And so, as history often does, repeat. repeat. repeat. New technology, first darkroom advances and now the digital craft invasion, have obviously amplified the magnitude and perfection of said manipulation. Not to mention, the lack of honest reporting by opportunistic photojournalists  (read: Iraq,  Saddam statue protest).

For now, I’ll leave you with this: is there a threshold for photo-manipulation, be it before the shutter closes or after, that defines the label of the photograph? In other words, how do the aesthetic, technical, and moral aspects of photography determine how we differentiate between opposing worlds of art, journalism, commercial, and personal photography? And furthermore, are these labels necessary?

OFF to Cadiz for Carnaval!



3 Responses to “Thoughts Part I”

  1. Well first of all, that Grenada picture is incredible! Second, am I the only one who thinks it’s hilarious that people are debating missing balls?
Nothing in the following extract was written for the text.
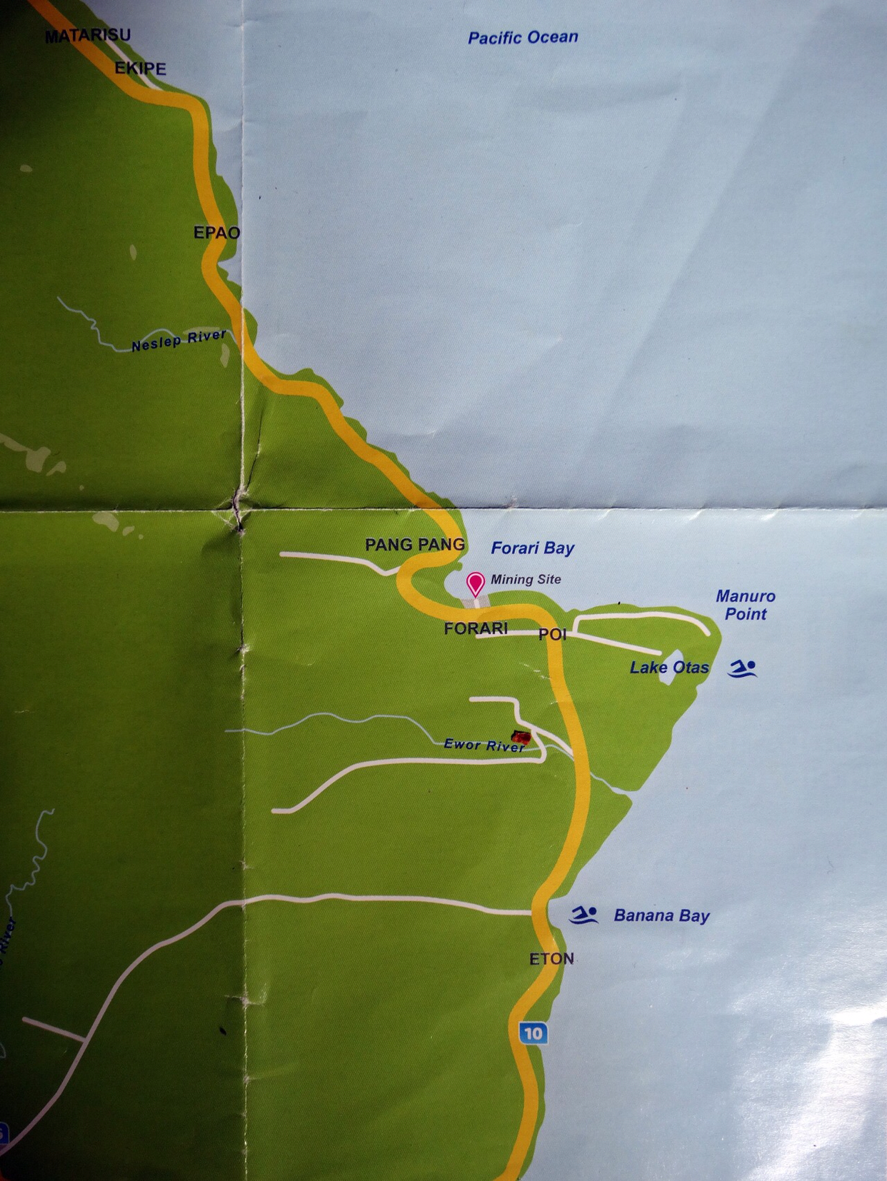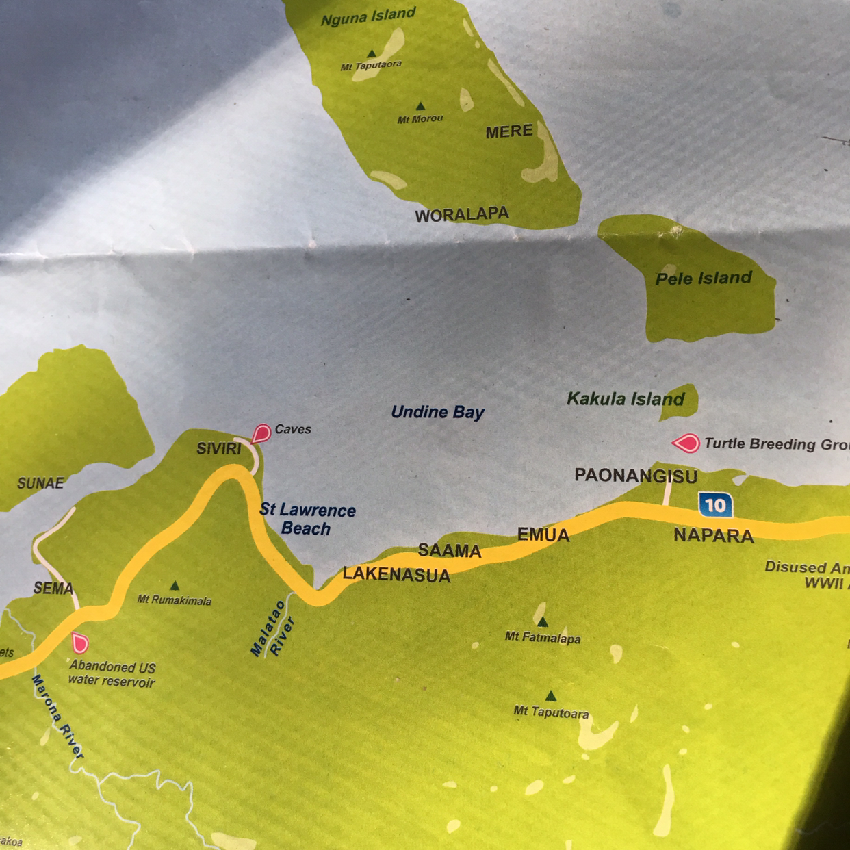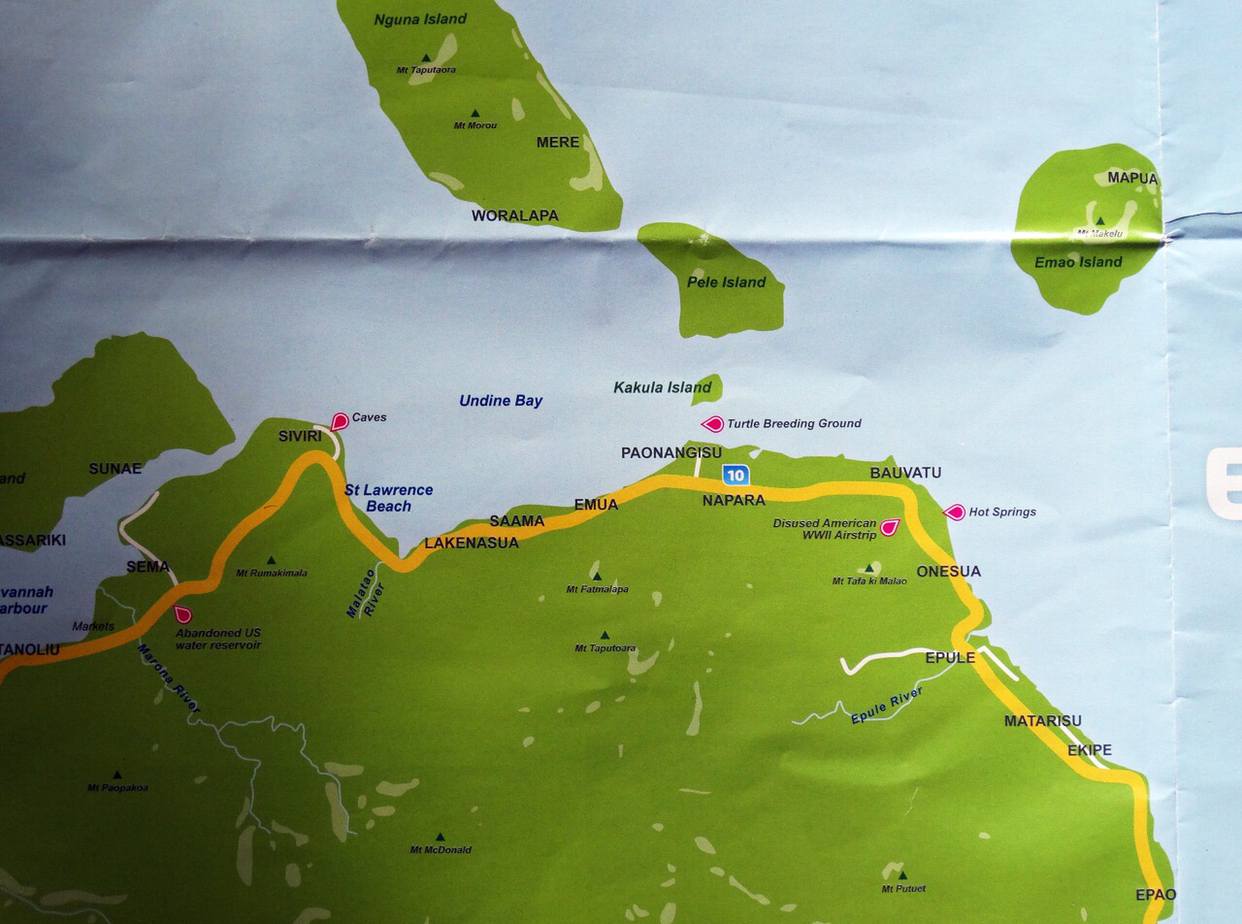 북부 해안도로를 버리고 동부 해안도로로 내려가는 길에 마을 Epau가 있었다. 마을을 지날 때 부터 땅거미가 내리기 시작하였다. 도로는 해안으로 이어지지 않고 내륙으로 들락날락하며 Port-Vila로 향하고 있었다. 곧 어둠이 사방을 덮어 버리자 자동차 헤드라이트가 비쳐주는 도로의 앞쪽 부분만 식별할 수 있고 나머지 부분은 어디가 무엇인지 알아 볼 수도 없었다. 어둠이 내려 앉은 Efate 순환도로를 때때로 마을 주민들이 길 양쪽으로 걸어 가고 있었다.

Yes, I am 12.

    Comment by Ryan on 2010/02/19 at 11:16 am



  2. 1) I want your last three Granada pictures on a trenchcoat that I can open to display them side-by-side. Also it’ll be a fashionable aide in my flashing. But srsly, I love the squarish frames on them, and the coloring of the last two and b/w always.

    2) Love the photography jokes.

    3) That window in the Henry Peach Robinson photo reminds me of rear projection in old Hollywood, which I personally love. Of course, there’s a difference between that and it being artistically great, but I’ll never tire of that kind of nostalgic art production.

    4) That’s a question I’ve been curious about your thoughts in for a while. And obviously it varies from piece to piece. But I don’t see why a photo’s manipulation after its initial imprint necessarily detracts from its truth, especially since I’d say the artist is most responsible for the truth, not the subject. I’m very auteurist that way. For instance, you frame a shot, find an angle, manipulate the lighting and other aspects before clicking. Ultimately, these are all tools for the artist to express her statement. If you’re aiming for docurealism, I’d suggest the more you manipulate an image into something the eye doesn’t/couldn’t/didn’t see, the more it threatens the expression of the art.

    I suppose there is a point at which a photo stops being a photo and starts being a collage or mixed media or something Joesph Cornell-like. But like you hinted, I’m not sure the label matters.

    Then again, those are sort of tenets of my purist worldview, where the only things that exist are the artist and the art. When you bring in journalism and commerce, you have to reevaluate. Just adding money to the equation alters it. Now, were I a newspaper magnate, the only thing I’d expect is for a photographer to reasonably defend the accuracy of their published photo, while the caption or feature writing should be as clear as possible.

    Oh, this goes without saying, but if the subject is a black man you dislike, darken the skin a bit.

    Comment by Brandon on 2010/02/19 at 10:53 pm



  3. Ryan goes to Harvard Law everybody.